Эдгар Дега. "Площадь Согласия", 1875. Картина Дега из собрания наследников берлинского финансиста Отто Герстенберга после войны была вывезена в СССР и находилась в спецхране Эрмитажа. Картина считалась погибшей, пока не обнаружилась на эрмитажной выставке "Неведомые шедевры" в 1995 году
Григорий Козлов: Сейчас реституционный процесс стал более прагматичным. Фактически реальных возвратов произведений изобразительного искусства, за исключением бременских рисунков, возвращенных в 2001 году президентом Путиным, да еще витражей Мариенкирхе, не было. В связи с балдинской коллекцией возникла концепция обмена движимых объектов на реставрацию недвижимых. Причем Вольфганг Айхведе, директор Восточно-Европейского института Бременского университета, предлагал, чтобы на реставрации этих объектов работали немецкие искусствоведы, студенты — как бы искупали свою вину. Айхведе многие не любят в России, и находятся люди в Германии, которые обвиняют его в предательстве национальных интересов. А ведь он регулярно ищет и привозит в Россию иконы. Возвращение флорентийской мозаики из Янтарной комнаты — тоже его рук дело. Он один вернул больше, чем все немецкие организации, вместе взятые. И то, что процесс, начатый Айхведе, зашел в тупик,— одна из главных потерь этого десятилетия.
       
"Когда это все вывозили, как всегда, перевыполнили план"

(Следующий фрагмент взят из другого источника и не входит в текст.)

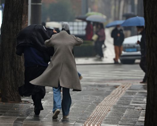 절기상 대설을 하루 앞두고 전국 곳곳에 비가 내린 6일 오후 서울 청계천인근 인도에서 우산을 미처 준비하지 못한 시민들이 외투로 비를 가리며 길을 지나고 있다. /연합뉴스 |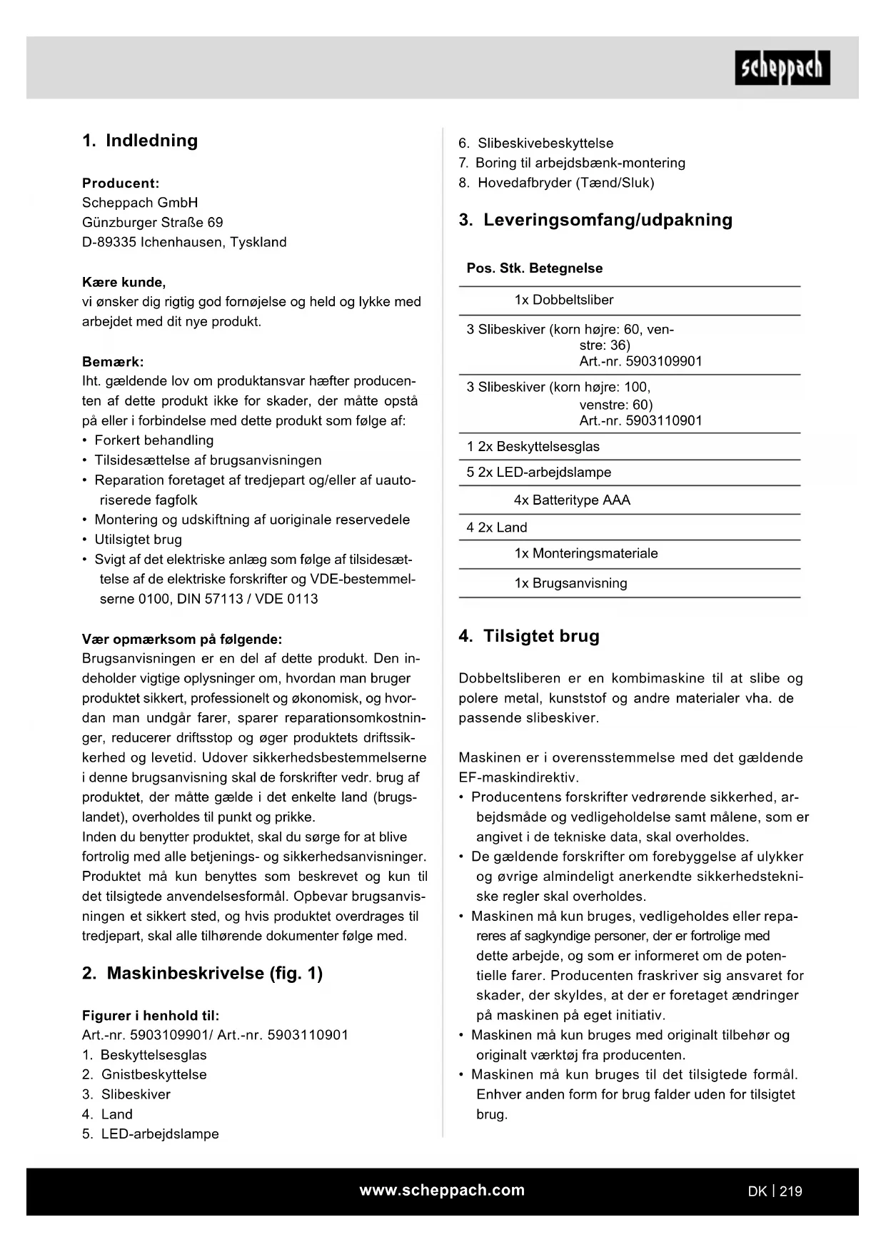Find enhedens vejledning gratis SM200AL SCHEPPACH i PDF-format.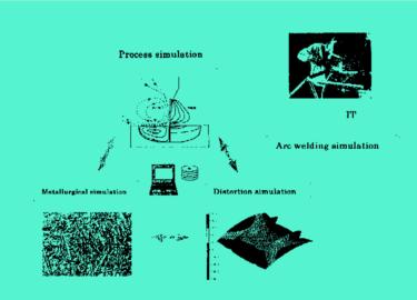 2000年日本大阪大學接合科學研究所提出了一個計劃五年完成耗資20億日元(2千萬美元)的國家課題[1]:“高效與安全焊接技術的開發”,事實上它包含著一個焊接虛擬工程的研究。其目的是開發一個用戶界面友好的高效與安全焊接的計算機系統。它同時給出三個精密模擬程序,即焊接過程模擬程序、被焊區域組織預測程序和變形預測程序(圖1)。其中各個模擬程序的目標為:(1)焊接過程模擬程序包含一個電弧等離子模型,要求無須局部熱動力學平衡的假定,焊接熔池尺寸的預測精度達到±10%。(2)被焊區域組織預測程序包含一個針狀鐵素體的形成模型,要求鐵素體、針狀鐵素體成分和室溫強度的預測分別在±5%、±10%和±50Mpa以內。(3)焊接變形程序包括面外變形預測精度在±15%以內。為了開發上述模擬程序,尚需進行一系列精密的實驗驗證,包括物理性能的測定,如等離子環境下熔池的表面張力、固態和熔池的熱導率等。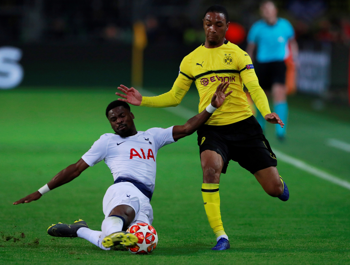 Soccer Football - Champions League - Round of 16 Second Leg - Borussia Dortmund v Tottenham Hotspur - Signal Iduna Park, Dortmund, Germany - March 5, 2019 Tottenham's Serge Aurier in action with Borussia Dortmund's Abdou Diallo Action Images via Reuters/Andrew Couldridge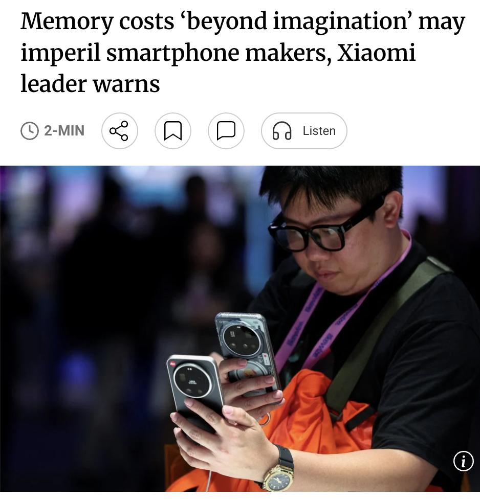 外媒:小米总裁卢伟冰在业绩电话会上警告,内存芯片价格正以"超乎想象"的幅度飙升,将智能手机厂商拖入长期涨价周期。他直言,"当涨价周期结束时,部分厂商可能面临巨额亏损甚至倒闭",但同时指出这一压力也将倒逼行业创新。 财务数据方面,小米第四季度净利润同比下滑27%至65亿元人民币(约9.43亿美元),为近一年来最低季度利润,也是2024年第二季度以来首次同比下降。营收同比增长7.3%至1169亿元,符合市场预期。 小米2025年第四季度智能手机出货量同比下滑11.6%至3770万部,手机业务收入随之下降13.6%至443亿元。尽管小米持续向高端市场转型,平均售价仍从去年同期的1202元小幅下滑至1176元,降幅约2.2%。 内存成本上涨正成为整个智能手机行业的共同挑战,行业格局或因此面临重塑。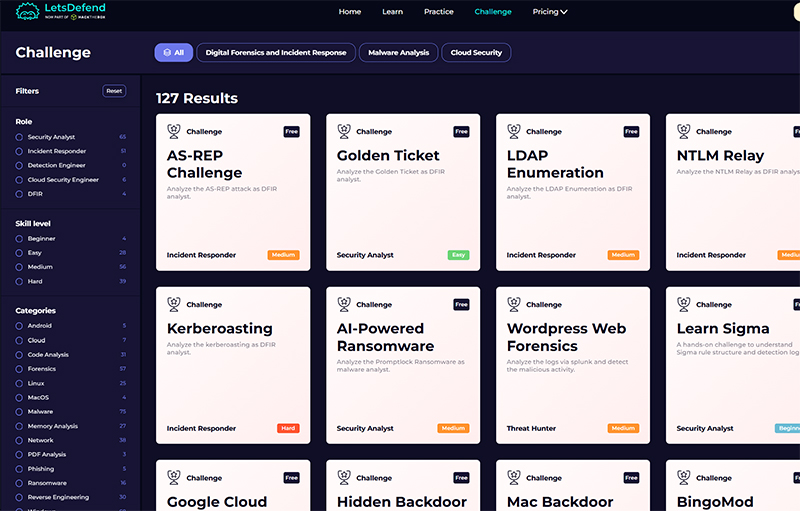 LetsDefendは、アラートトリアージ、ログ解析、フィッシング調査、マルウェア解析などの様々な防御側の領域を擬似体験できるブルーチーム特化型のトレーニングプラットフォームです。例えば、SOCのアラート処理の流れを学べる「Practice」や、ログを見ながら一問一答形式で調査していく「Challenge」など様々な演習シナリオが提供されており、それらを取り組むことで、防御側の観点を学ぶことが出来ます。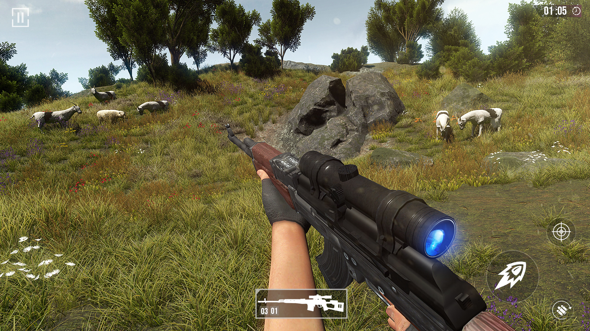 In this Deer Hunting FPS, step into the shoes of a skilled Deer Hunter offline, armed with your choice of hunting weapons, whether it be the precision of Bow Hunting or the power of Rifle Hunting. The choice is yours as you immerse yourself in a realistic hunting experience that pushes your skills to the limit in this Deer Hunting Simulator Offline. The Deer hunting FPS game's advanced mechanics and intuitive controls ensure that you feel every pulse-pounding moment of the hunt 2023.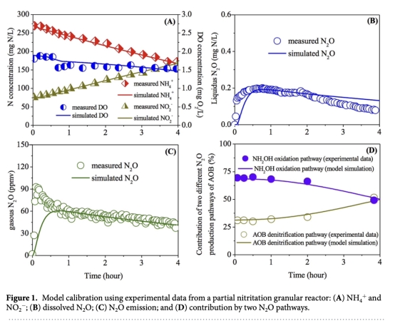 1 氮化合物濃度(NH4+、NO2-)和溶解氧動態:數據來自圖1A。研究意義是驗證模型對反應器基本性能的預測能力,確保模型能準確描述硝化過程,為N2O產生機制分析提供基礎。

       — В соответствии с поручением правительства РФ 2001 года, к концу 2005 года в России должна была быть завершена полная инвентаризация всех объектов культуры, перевезенных в СССР после второй мировой войны, а также составлен и опубликован их полный сводный каталог. Это будет сделано?
       Константин Акинша: Нет. Это невыгодно российской стороне. Когда вывозили трофейные вещи, никто не обращал внимания на их происхождение. Многие из них подлежат возврату даже по российскому закону о реституции. В 2003 году по инициативе нашего Министерства культуры был создан сайт www.lostart.ru. Кое-что там опубликовали. Сайт исчез из сети через месяц. Но за этот месяц поляки нашли там несколько картин, похищенных нацистами из Вроцлавского музея, голландцы — четыре полотна, принадлежавших жертвам холокоста, немцы — шесть.
       — А как обстоит дело в странах СНГ?
       Константин Акинша: Украина закона о реституции не принимала и ведет забавную политическую игру "жестов доброй воли". Украина за это время вернула довольно много вещей: рисунки Гете, находившиеся в спецфонде Киевского музея западного и восточного искусства, картину Ханса фон Маре в Бремен. Вернули все рисунки из коллекции Кенигса, находившиеся в Киеве, музыкальные манускрипты Баха. Объем украинских выдач по сравнению с объемом украинских трофеев вполне впечатляет, и я думаю, что сейчас, в новой политической обстановке, потихоньку отдадут все. В Прибалтике трофеев не было. У Прибалтики, кстати, существуют многочисленные требования к России, которые до сих пор не удовлетворены. Начиная со спора о коллекции Тартуского университетского музея, эвакуированного в Воронеж еще в начале первой мировой войны. Эти вещи вообще ни под какой закон не подпадают: закон у нас один — о ценностях, перемещенных в результате второй мировой войны.
       — Каков смысл прятать трофейные коллекции?
Константин Акинша: Люди не прячут в течение шестидесяти лет то, что они законно вывезли в качестве компенсации. Исторически ситуация была такова: когда это все вывозили, как всегда, перевыполнили план. Вывозили по системе "грузи кулем, потом разберем", а не отбирали одни шедевры. Общий объем — миллионы вещей, бесконечные поезда, идущие на восток. Вначале все это вывозилось как трофеи. А потом решили, что ГДР важнее: нельзя же одновременно и вывозить целые музеи, и устраивать счастливую немецкую жизнь. Вот отчего и происходили возвращения Дрезденской галереи и Пергамского алтаря. Изначально все это было не продумано и не проработано.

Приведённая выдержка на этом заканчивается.